** THE TASK **
Only the lines from the line containing "중앙규률검사위원회 국가감찰위원회 중앙" through the final line of the entries should be printed, exactly as given, with the pictures left out.

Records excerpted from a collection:
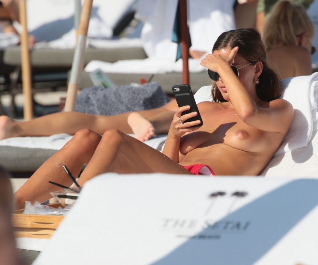La modelo checa Petra Kladivova aparece desnuda de pecho en la playa de Miami Beach, 12/09/2017. Petra disfrutó de un día en el hotel The Setai con su perro. Comió una ensalada mientras trabajaba en su bronceado, cubriéndose a veces con un traje de baño rojo de una pieza.
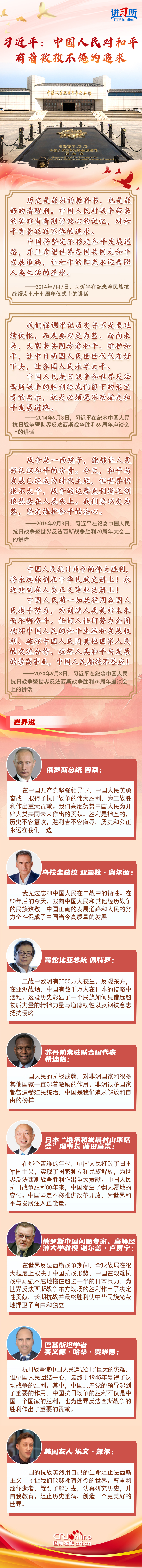 “中國(guó)人民抗日戰(zhàn)爭(zhēng)和世界反法西斯戰(zhàn)爭(zhēng)的勝利給我們留下的最寶貴的啟示,就是必須毫不動(dòng)搖走和平發(fā)展道路。”作為世界上唯一將和平發(fā)展寫入憲法和執(zhí)政黨黨章、上升為國(guó)家意志的大國(guó),中國(guó)始終從歷史中汲取智慧和力量,堅(jiān)定捍衛(wèi)來之不易的勝利成果。在國(guó)際友好人士眼中,中國(guó)為世界反法西斯戰(zhàn)爭(zhēng)東方戰(zhàn)場(chǎng)的勝利作出了決定性貢獻(xiàn),中國(guó)正確的發(fā)展道路和人民的努力奮斗促成了中國(guó)當(dāng)今高質(zhì)量的發(fā)展,為世界和平與發(fā)展注入正能量。
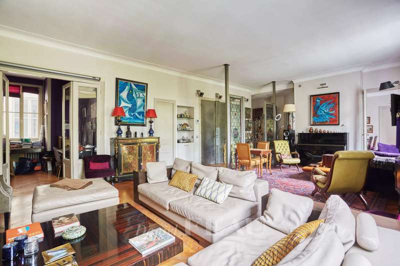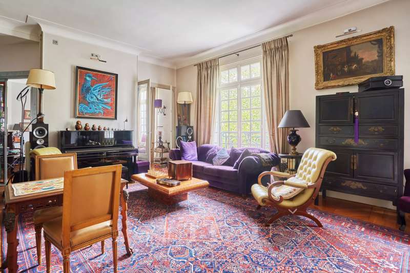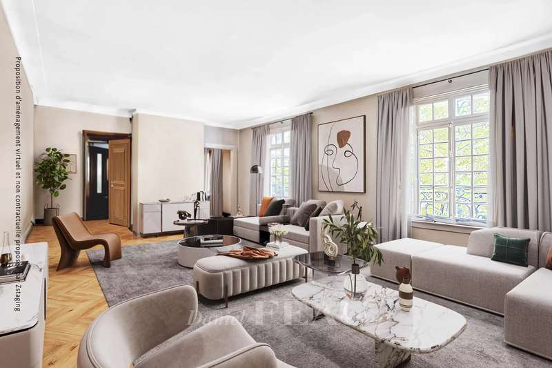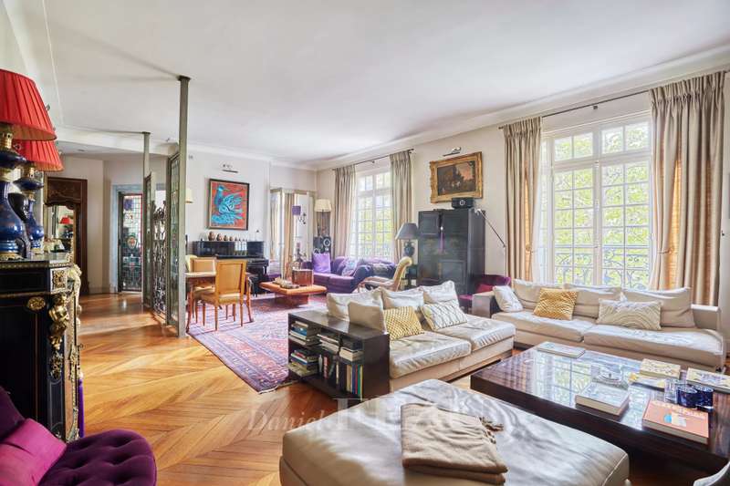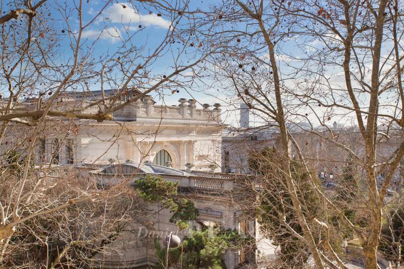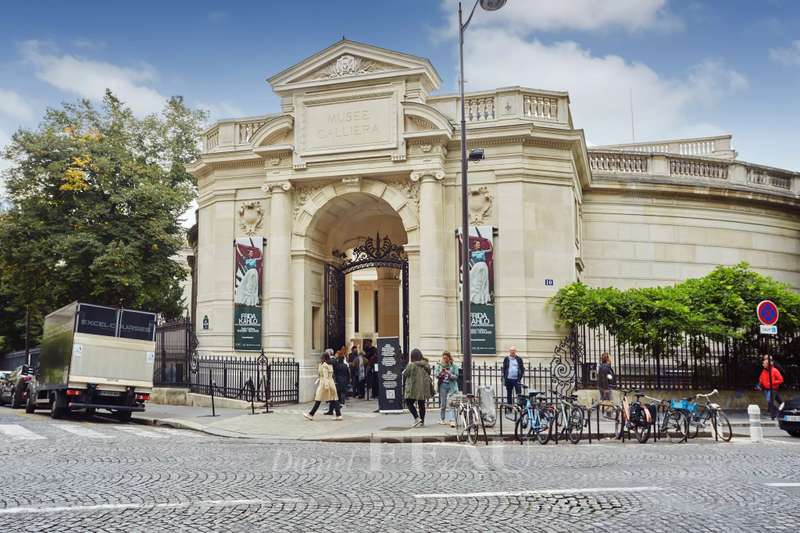 This spacious apartment enjoying open views of Palais Galliera gardens and the Eiffel Tower is on the 3rd floor of an early 20th century building. It includes a double living/reception room, a dining room, a study, a kitchen with dining facilities, four bedrooms and three bathrooms. With a cellar.
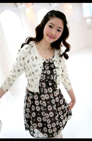 搭配建議:今年超流行的可愛(ài)印花成為魅力時(shí)尚的品味穿著,合身的曲線剪裁,連身印花短裙除了在修飾身形效果十分不錯(cuò)之外,還展現(xiàn)出個(gè)性甜美的風(fēng)格。
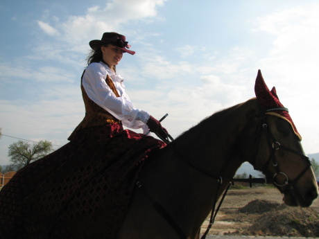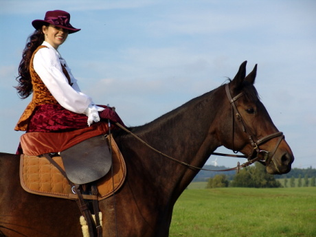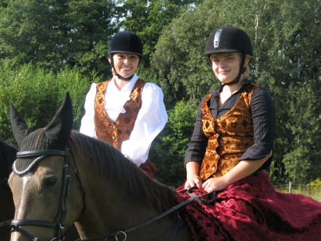 Později byl kostým zdvojen a doplněn jezdeckou helmou. Lenka a Míša si v něm vyjely na středověkou tvrz na společenskou akci.
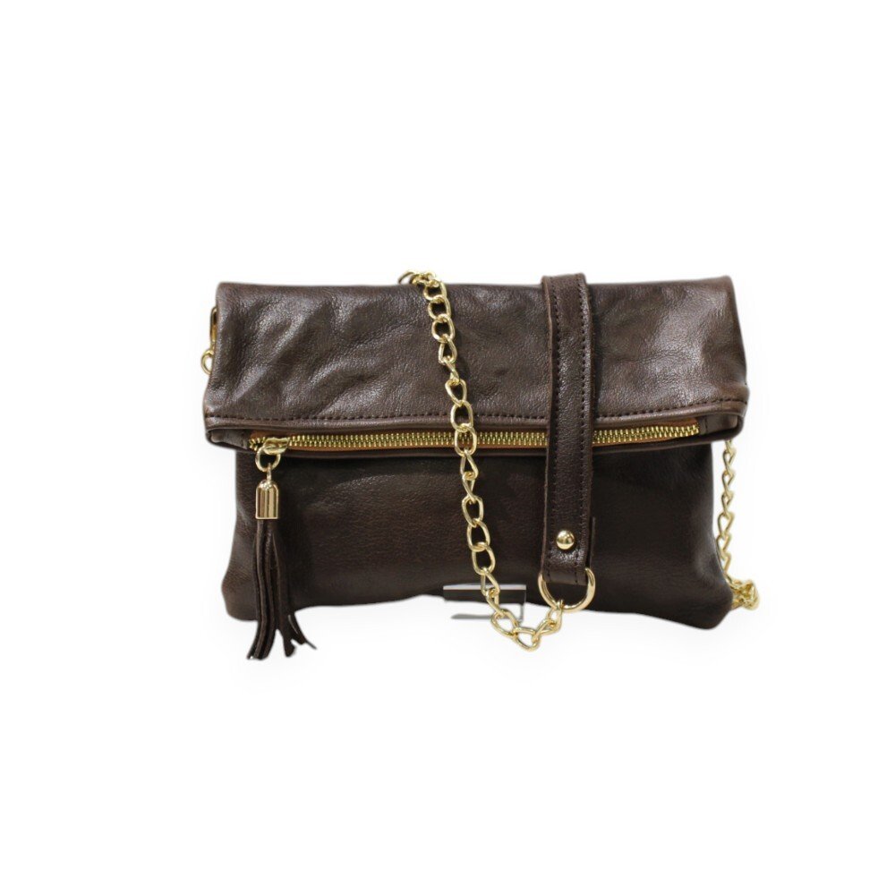 Brown leather clutch, foldover design, with a detachable chain and a decorative tassel on the zipper. It can be worn crossbody, or by removing the chain, it can be carried by hand. The interior is lined with cotton fabric and includes a small leather pocket for added organization.
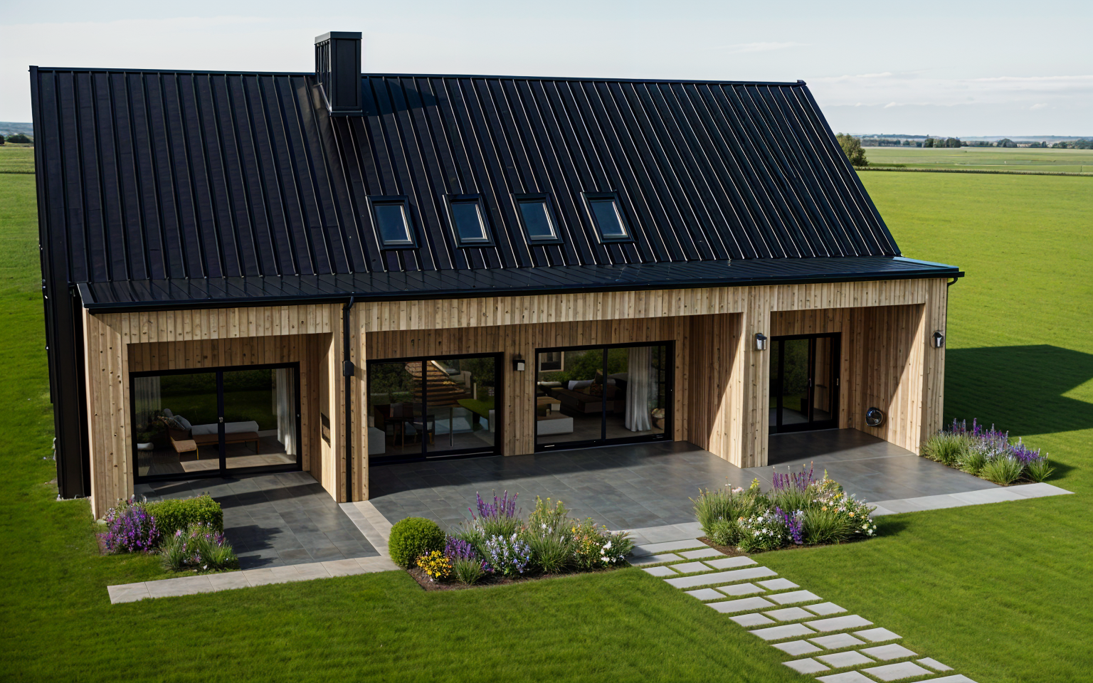 perspective shot create a dusk visualization scene for this photo architecture
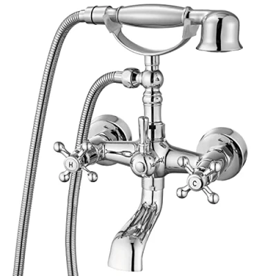 【All Metal Construction】Water Use Information: 1.25gpm 4.73L/min Solid Brass Construction, this wall mount tub faucet is polish chrome finish to prevent discolored and rusty Shower System Mixed Tap Fully meets the latest US federal and state standards. 【Double functions】: Tub Faucet and Handheld Shower, diverter switches between 2 functions. 【Reliable Design】Double cross handle to control hot and cold water, ship with all install hardware. tub wall faucet with sprayer 【Easy To Install】Wall mount with 2 installation hole, come with installation instruction. If need Clawfoot Tub Mount, need extra 3-3/8 Inch Adjustable Swing Arms: B07TQM93LX 【Installation Hole Distance】 5.9 inches (15cm), Ship with adjustable NPT 1/2 adapter to adjust installation hole distance between 5 inch - 6.6 inch (13cm-17cm), Weight: 4.8 Pounds, Manufacturer: Aolemi
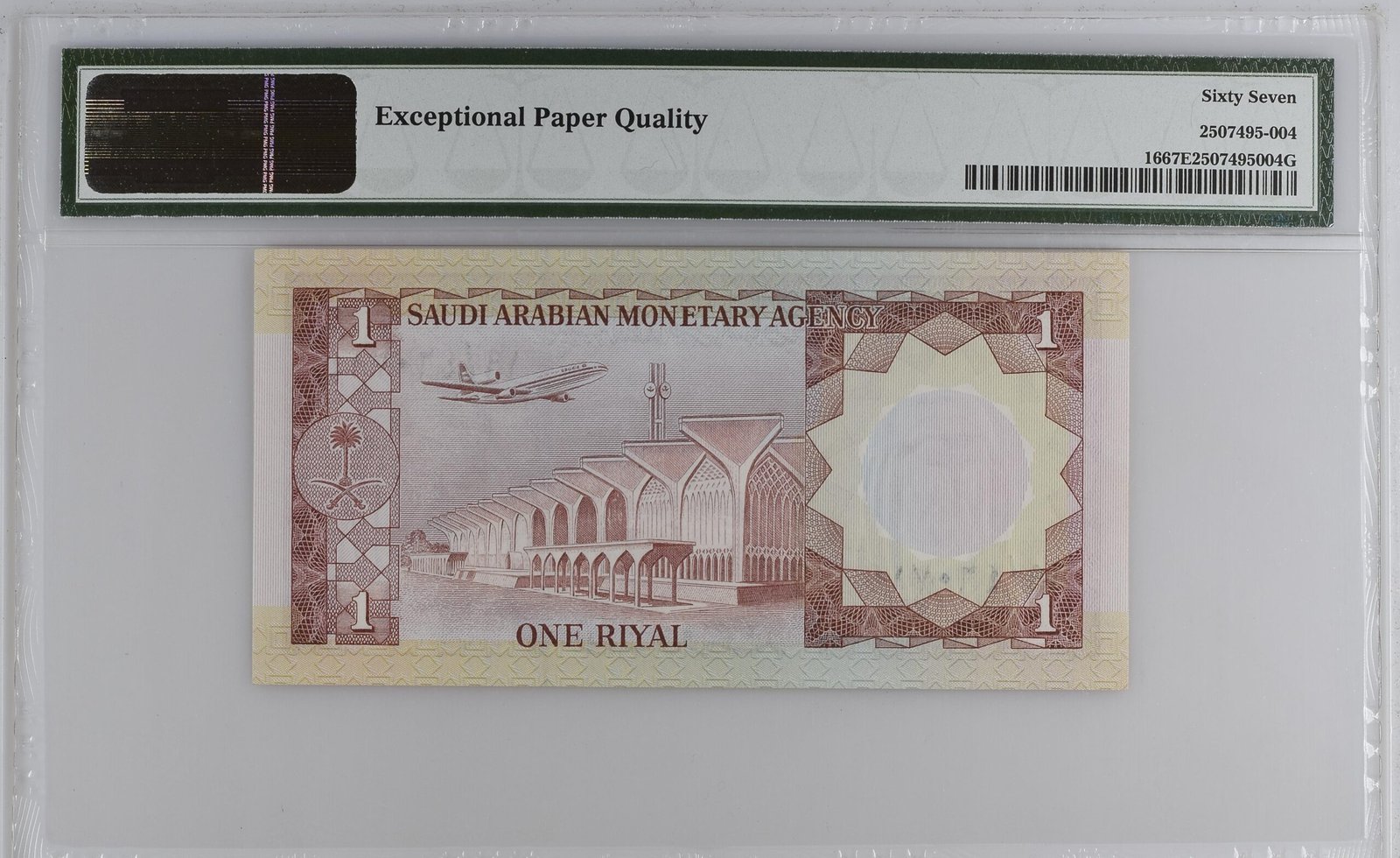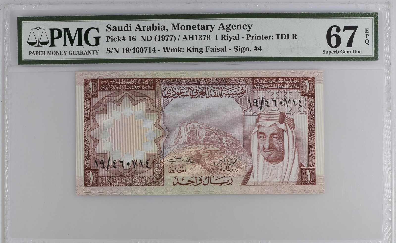 وصف الورقة النقدية: المملكة العربية السعودية، الوكالة النقدية، 1 ريال ND (1977) / AH 1379
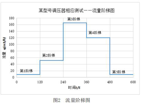 該測(cè)試主要利用實(shí)驗(yàn)室測(cè)試條件,模擬客戶現(xiàn)場(chǎng)使用情況。其主要測(cè)試內(nèi)容包括:測(cè)試電磁流量計(jì)在+23℃,-30℃和-40℃三種溫度下,電磁流量計(jì)出口壓力分別在2.1kPa和30kPa時(shí),流量分別從*1階梯到*5階梯時(shí)的響應(yīng)速度,客戶所提供的流量階梯如圖2所示。橫軸表示下游球閥開啟動(dòng)作時(shí)間,縱軸表示高溫電磁流量計(jì)下游需要的流量q。
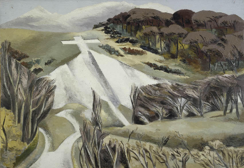 The theme of the second room is ‘A Path through the Elements’ and here are featured some of the lyrical and visionary landscapes for which Nash is rightly celebrated. Landscape is not drawn topographically, from the outside, but from within, as the artist identifies with his surroundings and translates them into lasting metaphors. So we have here the Dymchurch pictures, including the unfamiliar ‘Wall against the Sea’ and ‘The End of the Steps’ (both 1922), and such early delights as ‘The Wanderer’ and ‘The Orchard’. In the third room, titled ‘Elements as Refuge’, Nash’s tendency towards geometric distillation reaches its theatrical peak in ‘Landscape at Iden’ (1929), but is balanced by the exquisite and unaffected poetry of ‘Wittenham Clumps’ (1911–13), ‘Landscape at Pen Pits’ (1937), and a selection of Nash photographs and collages.
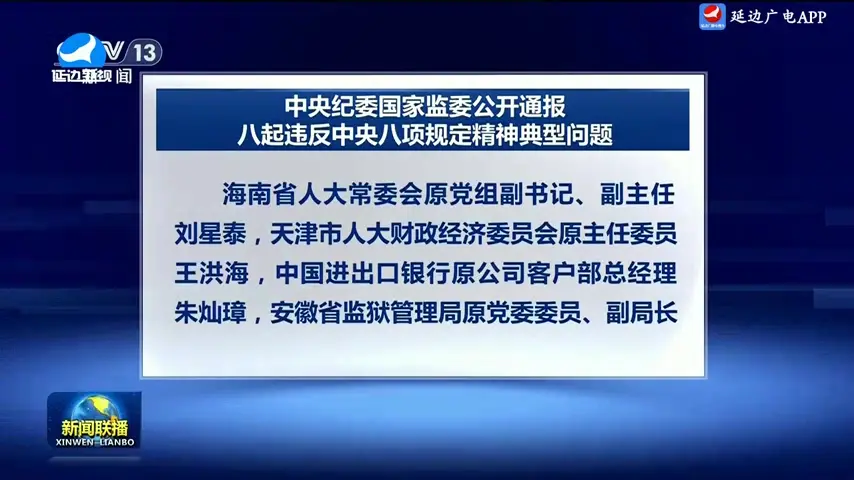 중앙규률검사위원회 국가감찰위원회 중앙 8항규정 정신 위반 전형문제 8건 공개 통보
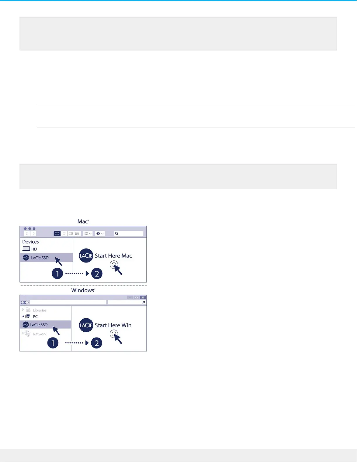 Using a file manager such as Finder or File Explorer, open Mobile SSD Secure and launch Start Here Win or
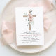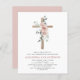 Budget Daughter's Dusty Rose Pink Floral and Eucalyptus - Cross Botanical Sage Green Greenery Watercolor Religious First (1st) Holy Communion Invitations.
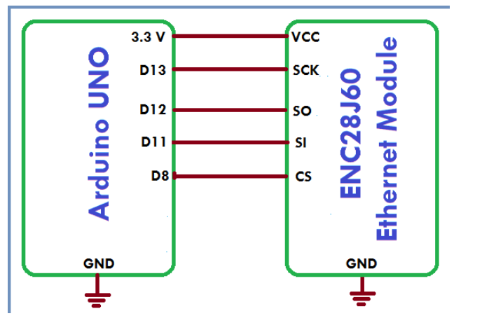 路由器应与LAN连接,并应具有多个输入输出端口。从路由器将一根以太网电缆连接到计算机系统,将另一根以太网电缆连接到ENC28J60模块。同样,ENC28J60模块连接到Arduino。 Arduino和ENC28J60之间的连接如下。
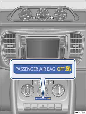 Fig. 27 In the instrument panel: PASSENGER AIR BAG light.
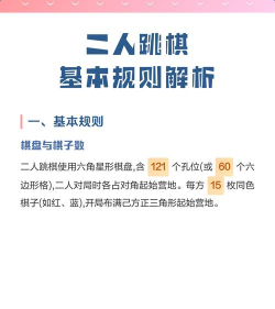 然后是对局策略开局别急着乱跳,先把自己的棋子,往前推进一些,尽量搭出跳板,为后面连续跳做准备,中盘要观察对手,堵住他的路线,同时找机会,让自己的棋子连跳,接近终点时,要算好步数,别把自己堵死。
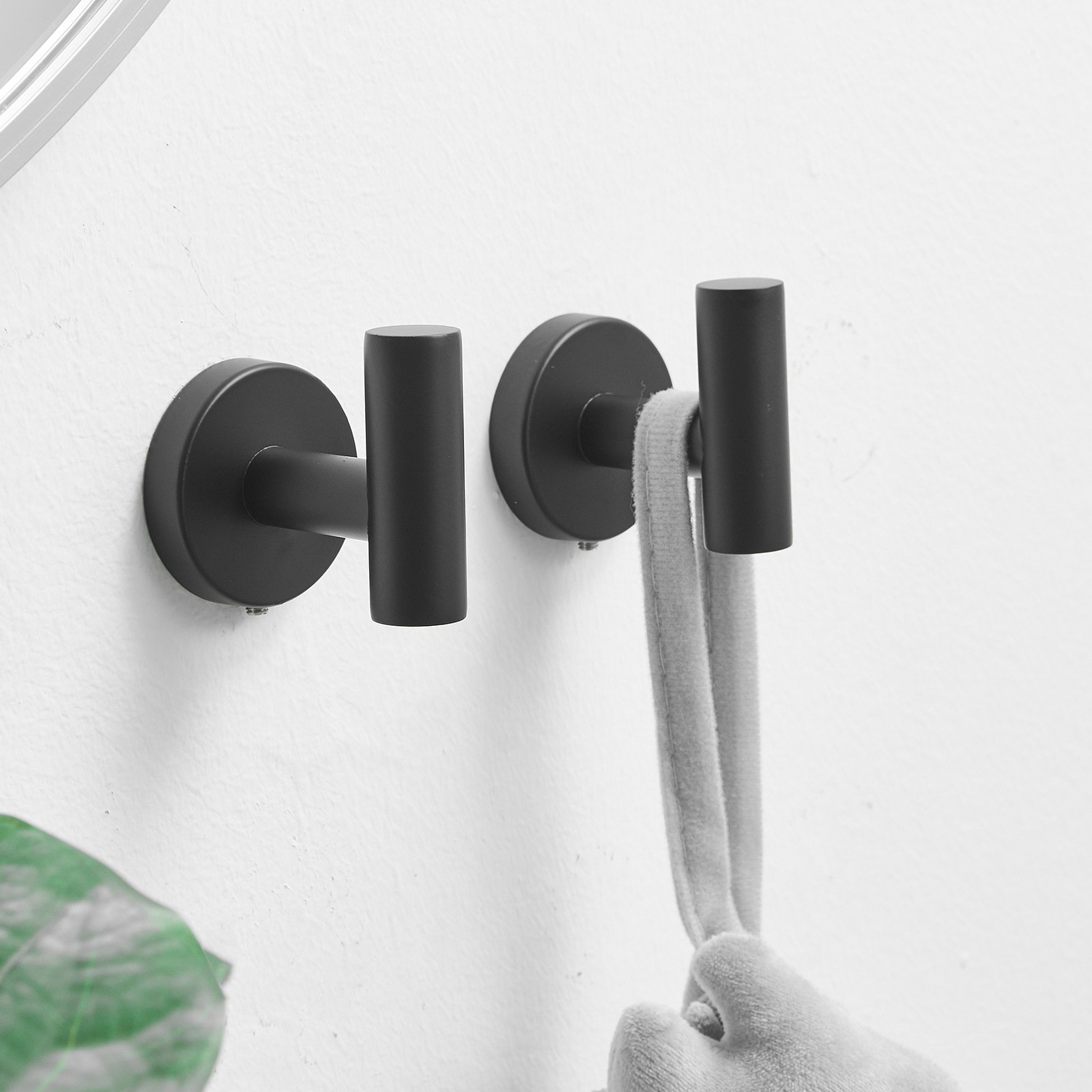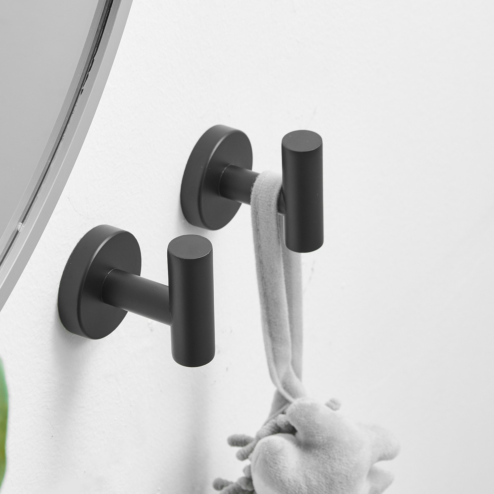 Round Bathroom Robe HookContains 2-piece towel hooks, more cost-effectiveStainless steel matte black decor and transitional stylesEasy to assemble and hang,complete with all brackets and hardware

** OUTPUT OF THE EXERCISE **
 중앙규률검사위원회 국가감찰위원회 중앙 8항규정 정신 위반 전형문제 8건 공개 통보
 Using a file manager such as Finder or File Explorer, open Mobile SSD Secure and launch Start Here Win or
 Budget Daughter's Dusty Rose Pink Floral and Eucalyptus - Cross Botanical Sage Green Greenery Watercolor Religious First (1st) Holy Communion Invitations.
 路由器应与LAN连接,并应具有多个输入输出端口。从路由器将一根以太网电缆连接到计算机系统,将另一根以太网电缆连接到ENC28J60模块。同样,ENC28J60模块连接到Arduino。 Arduino和ENC28J60之间的连接如下。
 Fig. 27 In the instrument panel: PASSENGER AIR BAG light.
 然后是对局策略开局别急着乱跳,先把自己的棋子,往前推进一些,尽量搭出跳板,为后面连续跳做准备,中盘要观察对手,堵住他的路线,同时找机会,让自己的棋子连跳,接近终点时,要算好步数,别把自己堵死。
 Round Bathroom Robe HookContains 2-piece towel hooks, more cost-effectiveStainless steel matte black decor and transitional stylesEasy to assemble and hang,complete with all brackets and hardware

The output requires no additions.